On the longest day of the year, Will cuts the grass twice. Once for a neighbor, once for us. I notice he takes his time, slowly circling the house, cutting slow and close to the brick edging of my gardens or the patio so he won’t have to take the weed whacker out afterward. He cuts the front bank, down by the mailbox—really you don’t get lawn service this fine anywhere. I’m glad to think of his contracted job down the street receiving the same level of care and detail. But I know that the fuel in this equation is his waiting. Inside he is on fire for that bicycle, so badly I worry it will skew the results on his daily temperature check. We are in the five-day countdown to High Adventure Camp, and my suddenly unwilling boy scout no longer wants to go. Bad case of bike fever. “What! Will, it’s the 4th largest adventure camp in the world! They have mountain biking.” He is nonplussed. “I know but it’s not my mountain bike,” says the one who has at times in his young life slept with (a) a new skate board (b) a tennis racquet and (c, when very young) new shoes. This boy attaches. Which is, I guess, all things considered, matched with all that the pandemic has sunk, lost, and/or forever flung into the cosmos of never again, a good thing indeed. I’m counting it in the plus column that the boy can even raise enough emotion to be euphoric—and also deeply, deeply pained. Did I just say that? Because abiding said pain has made me want to ride off the edge of the known world. I’m not sure how much more I can take. As the week flows inexorably toward this hard stop of camp, I too, grow sick with waiting. Will he even have one full day to ride it?

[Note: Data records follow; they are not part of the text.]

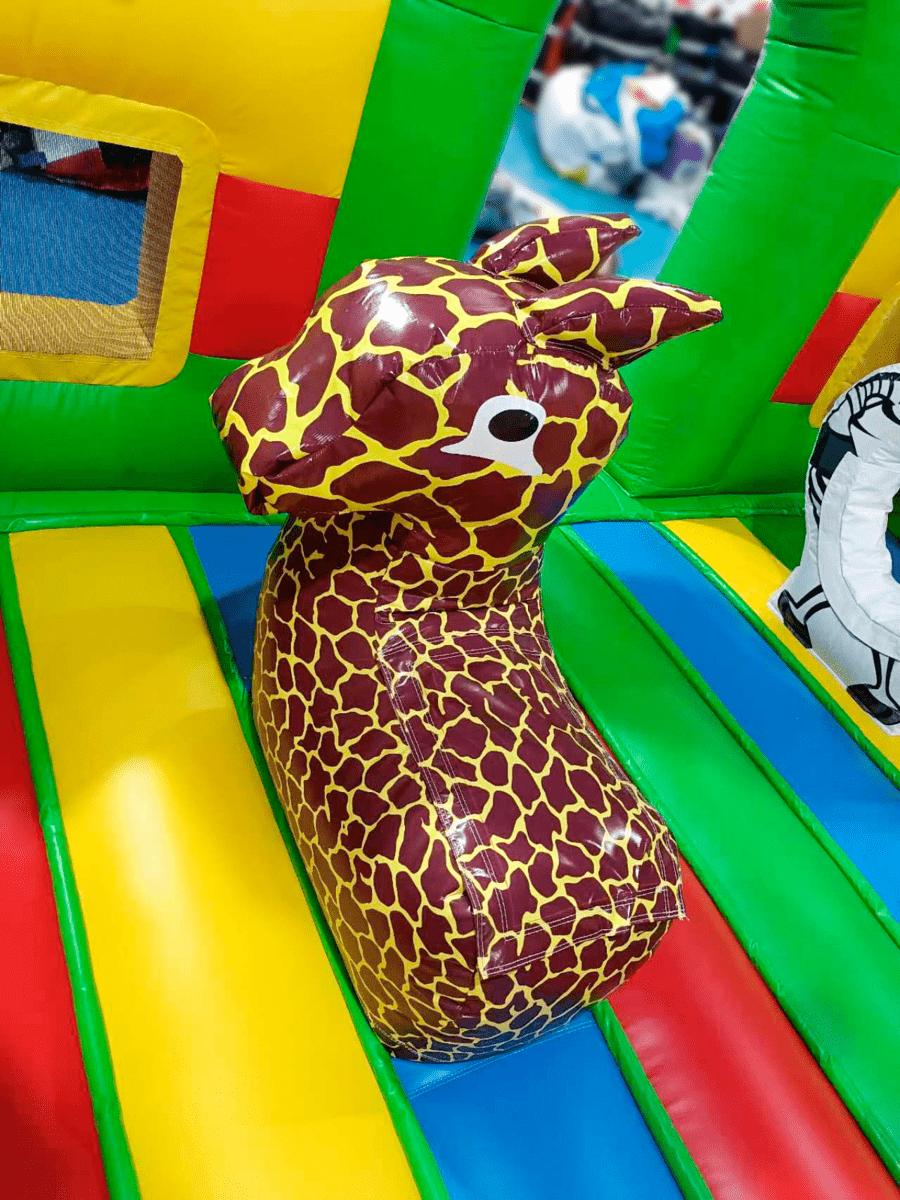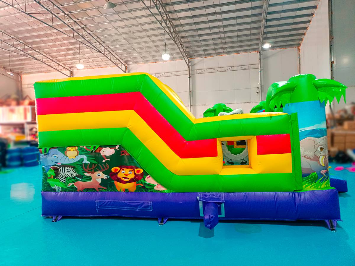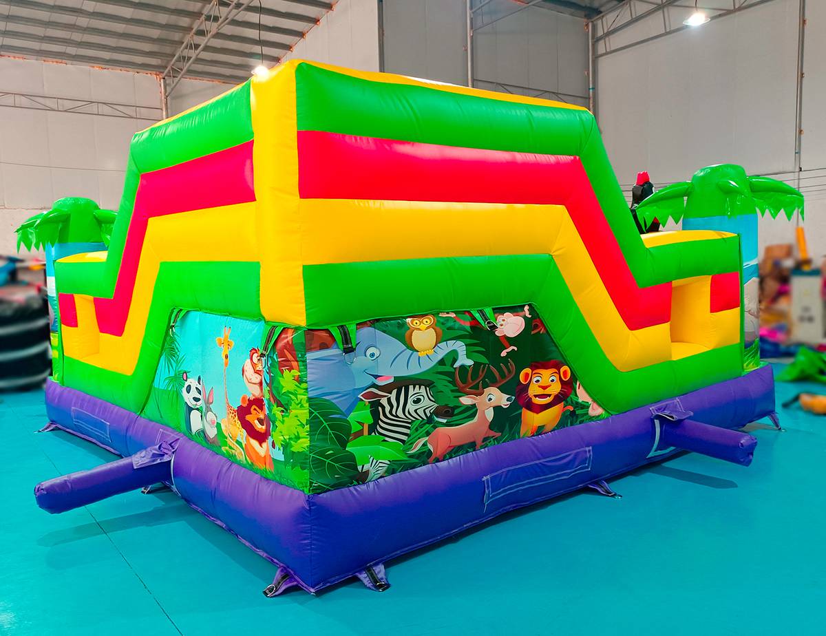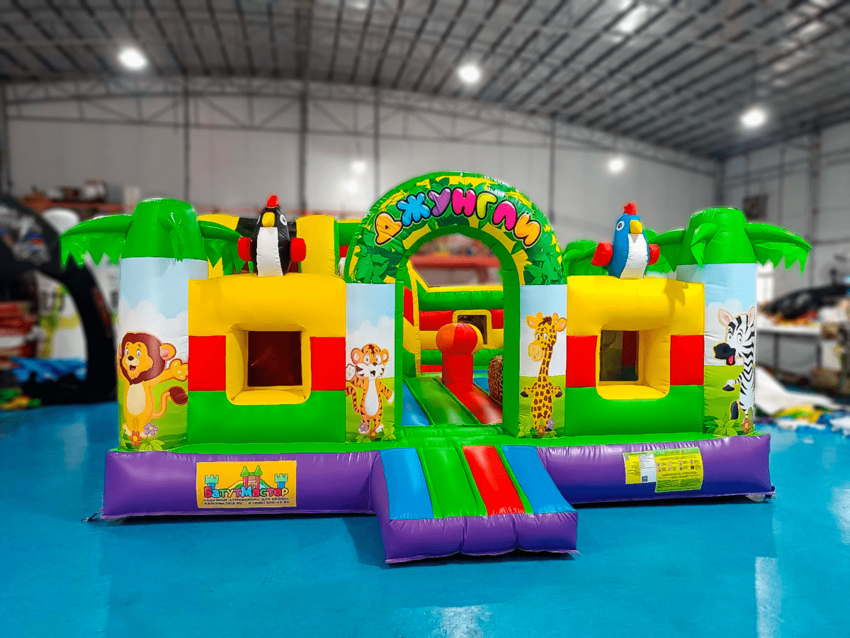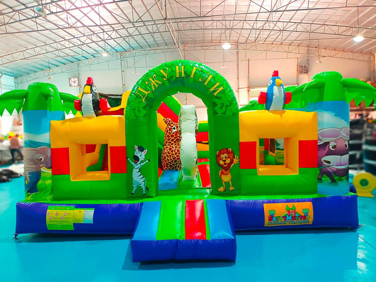Многофункциональный батут в дизайне «Сафари-джунгли ЭКСТРА» с размерами 500х500х250 см вмещает в себя максимальное количество надувных элементов. Коммерческое изделие выполнено в преобладающем зеленом цвете, дополненном синими, желтыми и красными полосами. Попадая внутрь, посетители оказываются в настоящих джунглях, среди милых дики зверушек и пышной растительности.
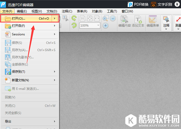 遇到些好的文章或是语句,总习惯将它收藏起来留用,但经常碰到一些网站的文字是不可以复制的,或者是要你花钱开通vip才能搬运文章,这点小计俩怎能难倒小编呢,今天教大家几招,轻松解决复制不了网页文字的问题。 一.PDF编辑器的快照功能 1、运行这款迅捷PDF编辑器,打开软件界面之后,点击界面的【文件】选项,然后点击【打开】选项,将需要进行编辑的PDF文档打开。
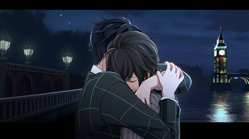 In the foreground, a young black-haired lady embracing and kissing a young blond-haired man. In the middle ground, the Thames river. In the background, London's Parliament and Big Ben at night --ar 16:9 --s 50 --niji 5 --style original
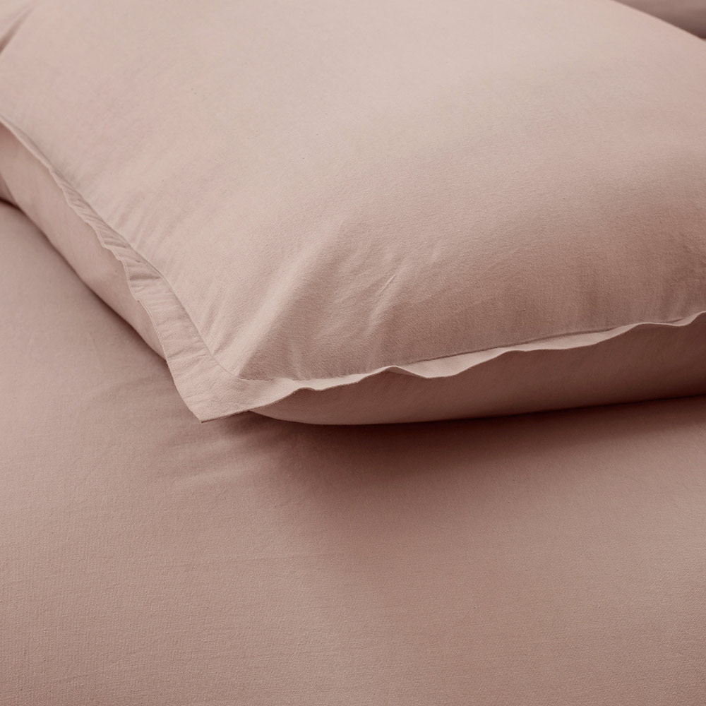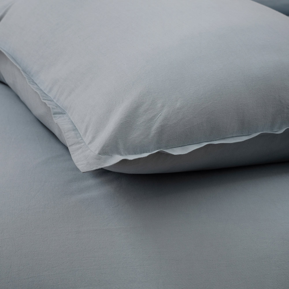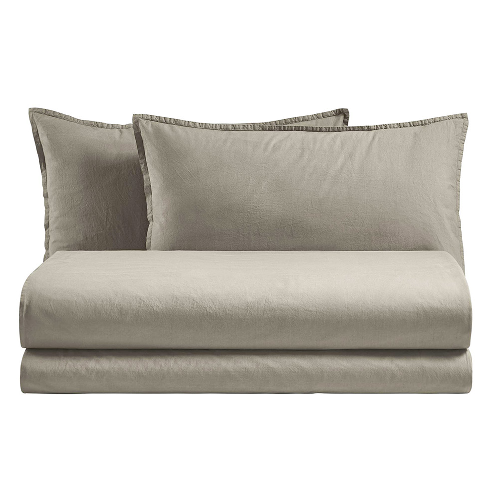 Dubbelt påslakanset i ren plaggfärgad bomull.
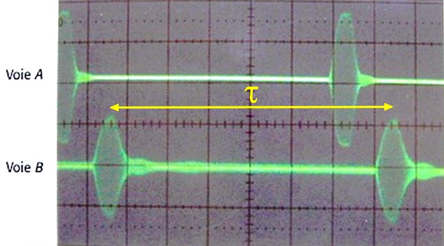 = Balayage de l’oscilloscope est sur la sensibilité b = 2 ms / div. 1. Durée t séparant deux salves consécutives. - τ
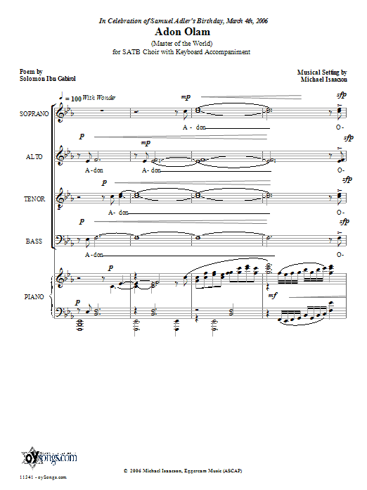 Download or print Michael Isaacson Adon Olam sheet music, chords and digital score arranged for SATB Choir. This Traditional score includes 11 page(s).
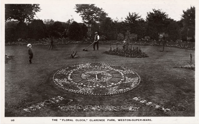 While I was hunting round for information about this floral clock it transpires that Weston once had two! The other was in Clarence Park, and Historic England has a photo from 1913 but where is the clock now? Anyone know?
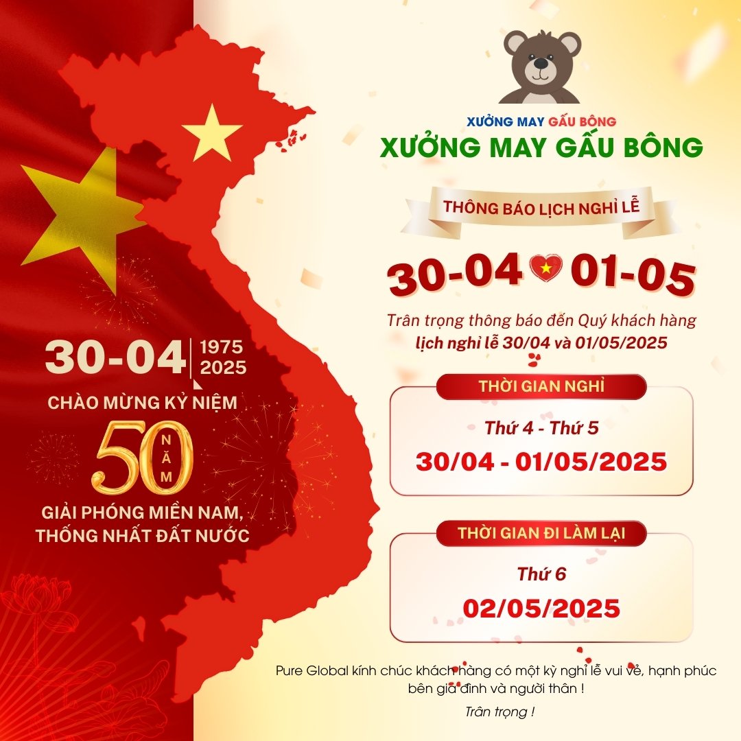 XƯỞNG MAY GẤU BÔNG xin trân trọng thông báo lịch nghỉ lễ Giải phóng miền Nam 30/4 và Quốc tế Lao động 1/5 năm 2025
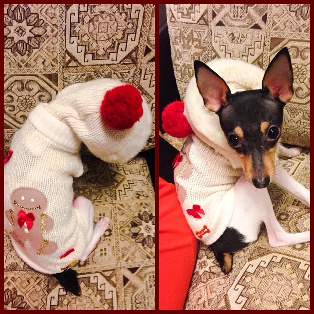 Знаменитость также рассказала, что к Новому году нарядила своего домашнего любимца в маскарадный костюм. «Патрик на Новый год был пряничком ))», – подписала Кристина Асмус снимок.
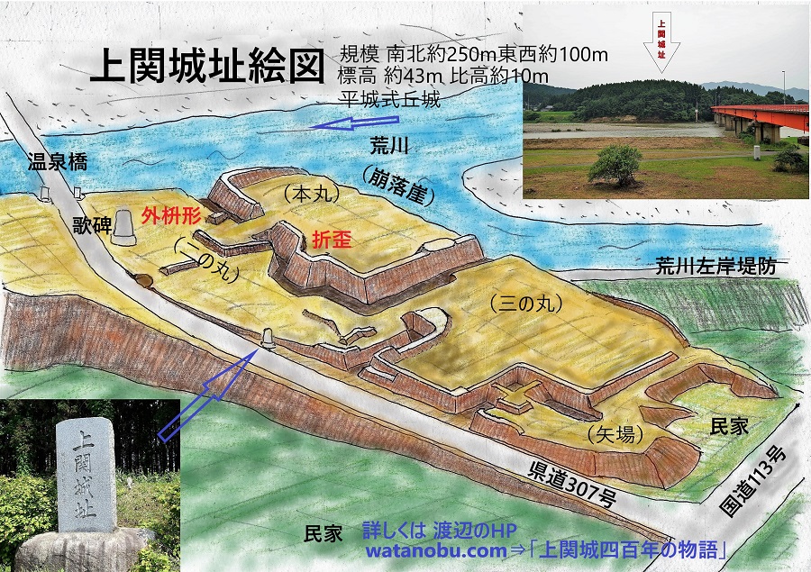 桂の関に築かれた上関城は、伊達口の守り
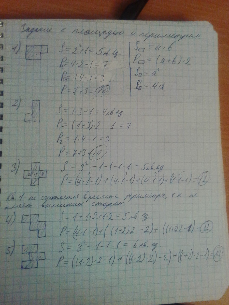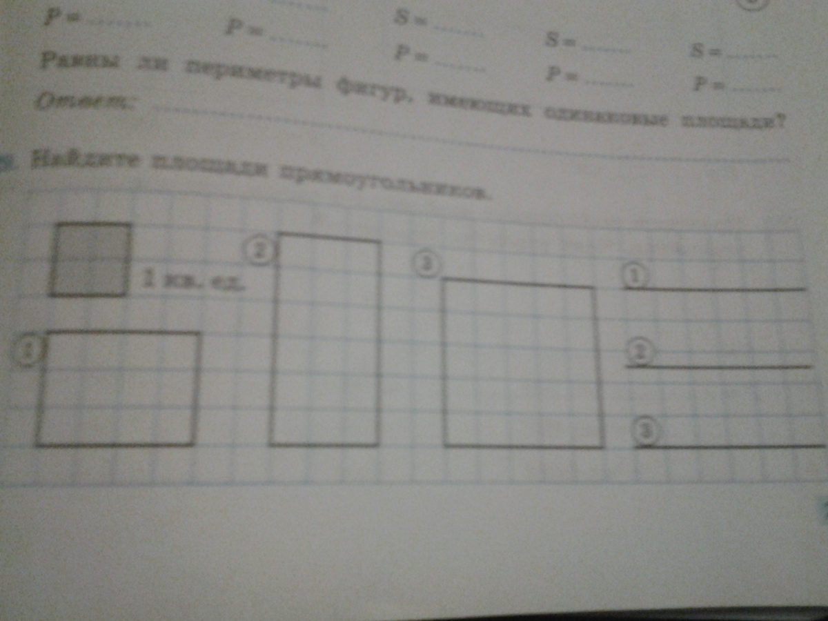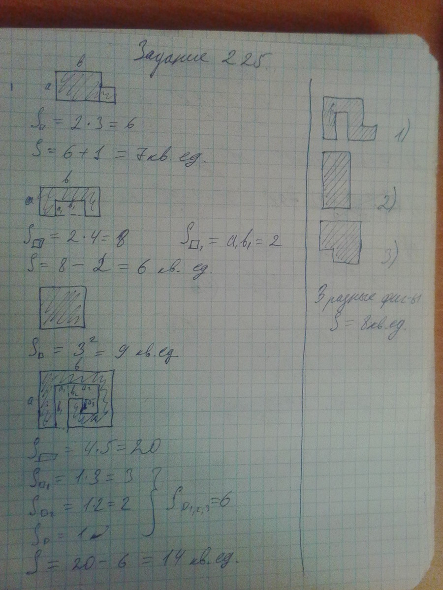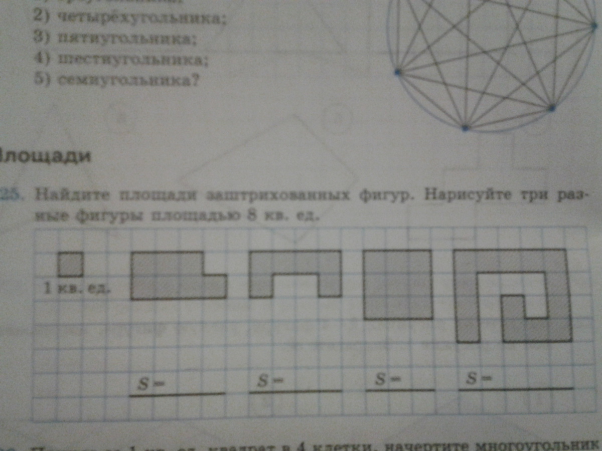 Найдите площади заштрихованных фигур. Нарисуйте три разные фигуры площадью 8 квадратных едениц.
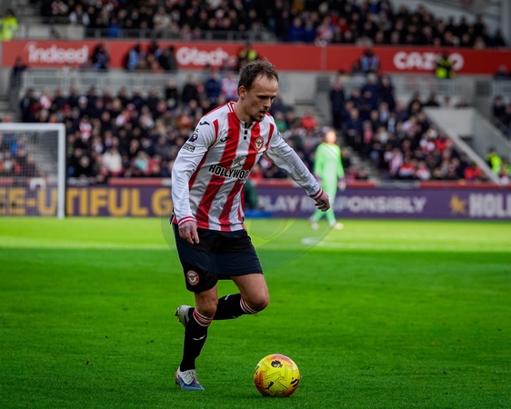 Mikkel Damsgaard of Brentford makes a run with the ball during the Premier League match Brentford vs Nottingham Forest at The Gtech Community Stadium, London, United Kingdom, 25th January 2026, Credit:Maynard Manyowa/News Images / Avalon
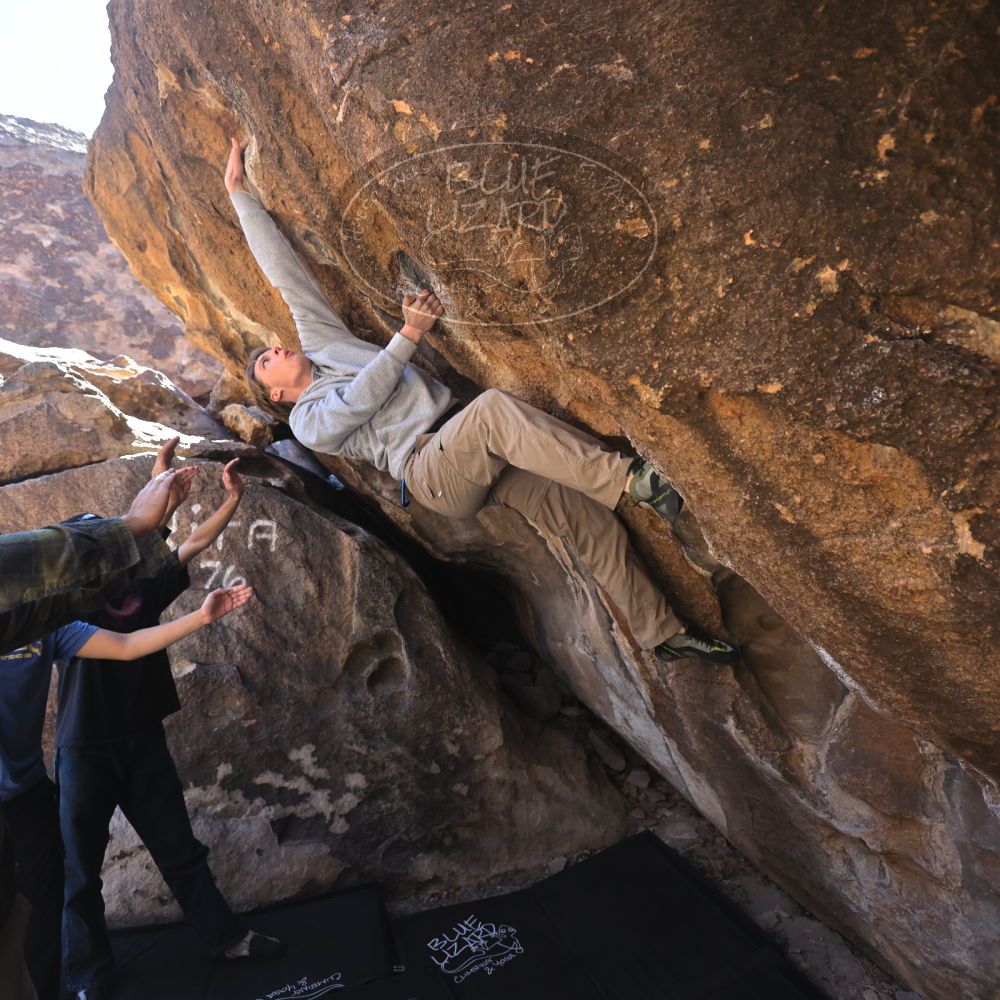Blue Lizard Climbing and Yoga Hueco Tanks guiding on March 16, 2025, with Ash, Ben, Brianna, Matthew, and Riley
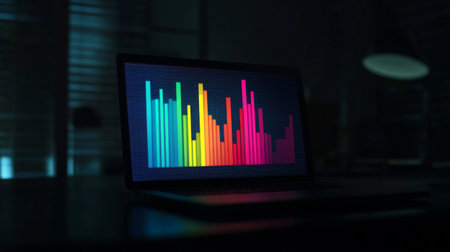 A vibrant sound wave visualization displayed on a laptop screen illuminates a dimly lit workspace, showcasing technology's role in music and data analysis.
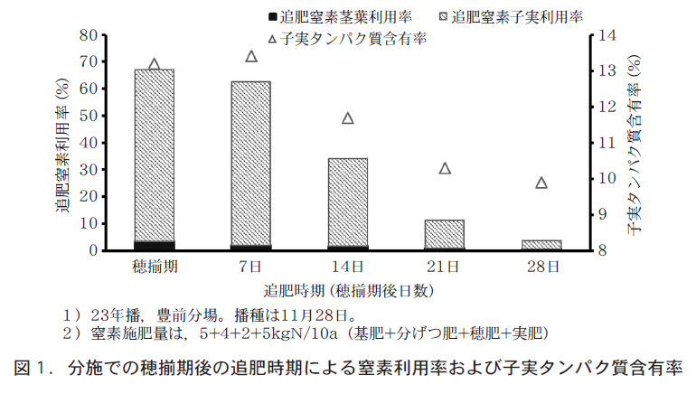 この穂揃期に施用する実肥は,出穂から約2週間以降に施用すると,麦体による吸収は進行せず,施用が遅れるほどタンパク質含有率は低下する(図1) 。
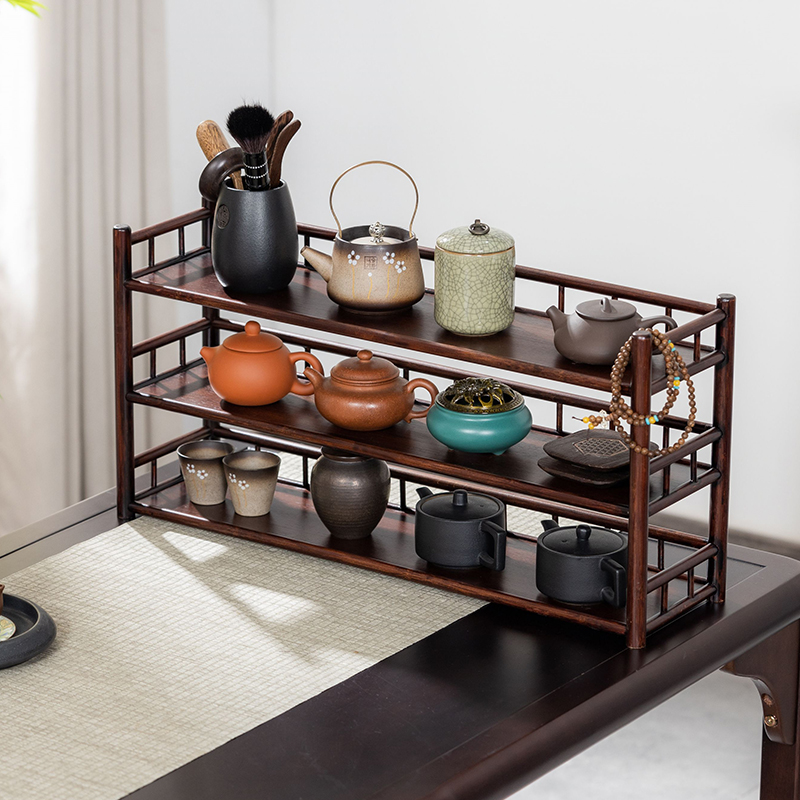桌面博古架中式茶叶茶具收纳架办B公室实木茶杯置物架紫砂壶摆放
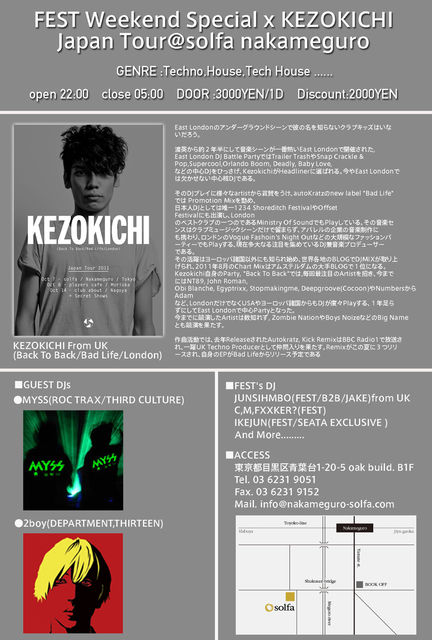開催終了KEZOKICHI from LONDON,MYSS,2BOY出演!FEST Weekend Special x KEZOKICHI Japan Tour@solfa nakameguro
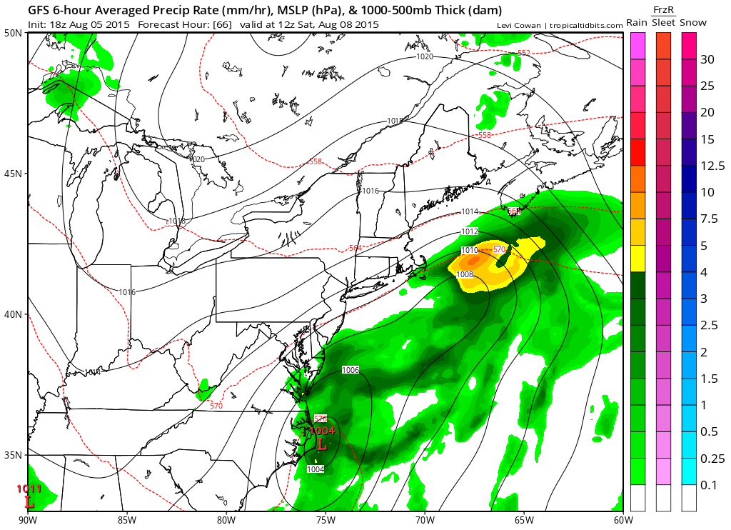 The 18z gfs continues to argue against the phased dynamic European look and would call for clouds and a northeast wind but the rain from the low to the south would stay offshore.

I’ve had a couple of waits myself recently. Haven’t we all, after the “longest” year of our lives? That’s what it’s called in retrospect, right? The year that was really 15 months old? That first month of March that lasted 45 days and the ones following that had no end because the calendar had blurred, been stripped, or been chucked entirely for waistband-less living. Most recently we had our two year-wait on Camille, our little French buddy, come to a crushing halt when his VISA waiver got declined. Really? Not Covid antigen tests, not the vaccine, not expense or unavailability of flights, not even the most likely development of all—too old or grown apart to consider it—we clear all these hurdles and still, still it is not to be. Ce n’est pas possible, writes the father after a hurried Facetime call (yes, from France!) in the Food Lion parking lot. Thanks, U.S. Department of Homeland security. In the same week we were also losing grip on another exciting possibility of a different French boy needing a family for a ten-week stay right up to Will’s birthday. After our initial “WOW!” I decided a summer such as this one is the perfect time to map a brother/French boy into our lives again and attached to the idea as quickly and deeply as my son is currently yearning for this bicycle. Had a place saved for him at camp, had a plan, had all but the Nutella and the flavored water drops on the shelf. Silly mommy. And then, the end of both in the same 48 hours. That waiting, and that ending, was a hard one deep below the surface of things. Now, today comes the waiting all can relate to: the child- driving-on-highway-from-states-away-headed-home waiting. Sophie, en route from Georgia by way of…er, Roanoke? By my calculations she’s been in the car about 11 hours now, finishing up a road trip to see a roommate. Left a week ago from the northwest corner of VA and picked up friends for a midsummer jaunt to Georgia. Now, though this is NO BIG DEAL (voice of all the 8 and 10-year-olds out there) my maternal insides are just starting to simmer with that desperate urge to—well, to remake the universe. I know Boy shares that desire right now as well. If only someone had asked me, bike would be in our garage and girl would be on her bed posting trip photos. The world should consult me more.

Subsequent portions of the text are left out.